Accordingly, the branch of defendants’ motion seeking an order dismissing plaintiffs’ 27th cause of action is denied as moot.

. On July 25, 2014, the instant motions were reassigned from Hon. Lester B. Adler, J.S.C. to the undersigned for disposition. Upon receipt of the motion papers, the court recognized that relationships with some of the attorneys required disclosure in order to avoid the appearance of impropriety. Thus, the court scheduled and held a conference on August 20, 2014 at which the court disclosed to all parties a sometimes social relationship with counsel for plaintiffs and one of the attorneys for a defendant. All counsel were given the opportunity to object to this court’s handling of the matter and/or request recusal. None did.

. Defendant The Westchester Medical Practice, EC.’s motion is improperly designated as a “cross motion,” because it does not respond to a motion seeking relief as to it. A party can not cross-move against a nonmoving party. The motion is, in fact, a “me too” motion, which adopts the arguments of and seeks the identical relief to the motion brought by its codefendants.

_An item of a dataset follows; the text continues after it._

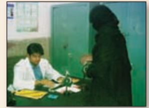
The SPWS office, Room 19A OPD, is always helping poor patients

he still comes to SPWS dispensary every month to get his inhalers. The monthly budget of Anti-Asthma Inhalers section is 500-600 $, if we can find 5-6 members from KEMCAANA who can donate 100 $ per month then probably many poor children like him can continue to receive their inhalers for the whole life.

. Defendants properly argue that plaintiffs should have flagged their specific amendments, particularly given the voluminous allegations in the complaint. The court has not undertaken a side by side comparison of the complaint and amended complaint, nor should it. However, even a cursory review of both pleadings shows that the allegations of the amended complaint are, for the most part, unchanged, with the exception that substantive changes have been made to the 27th cause of action.

. Although these defendants have filed answers to the complaint, service of an answer “does not necessarily waive the motion to strike objectionable matter. If the matter is scandalous and irrelevant, for example, it is just as much so before as after answering.” (Siegel, NY Prac § 230 at 381 [4th ed].)

. This nineteenth century proverbial phrase was first found in print in Andrea del Sarto, 1855, a poem by Robert Browning: “Well, less is more, Lucrezia: I am judged.” As used in the poem, its meaning is that greater artistry expressed in fewer pieces has more value than prolific works that are flawed. It is used today to express the same idea and also to signify that simplicity and brevity in communication is more effective than verbosity and needless complexity.

. Johnsen v Silich (2007 NY Slip Op 34055[U], *2 [Sup Ct, Richmond County 2007]) contains sweeping statements which are favorable to defendants’ position, however, it is clear from the decision that the complaint contained prejudicial matter, such as a newspaper “article of an unrelated similar case involving the doctor.” Thus, the case does not support defendants’ position.

. Ironically, defendants complain of the specificity of plaintiffs’ complaint. This court’s experience is that defendants in malpractice cases usually complain about the lack of specificity of the plaintiffs claims, proclaiming that they are not given adequate notice of the claims being made.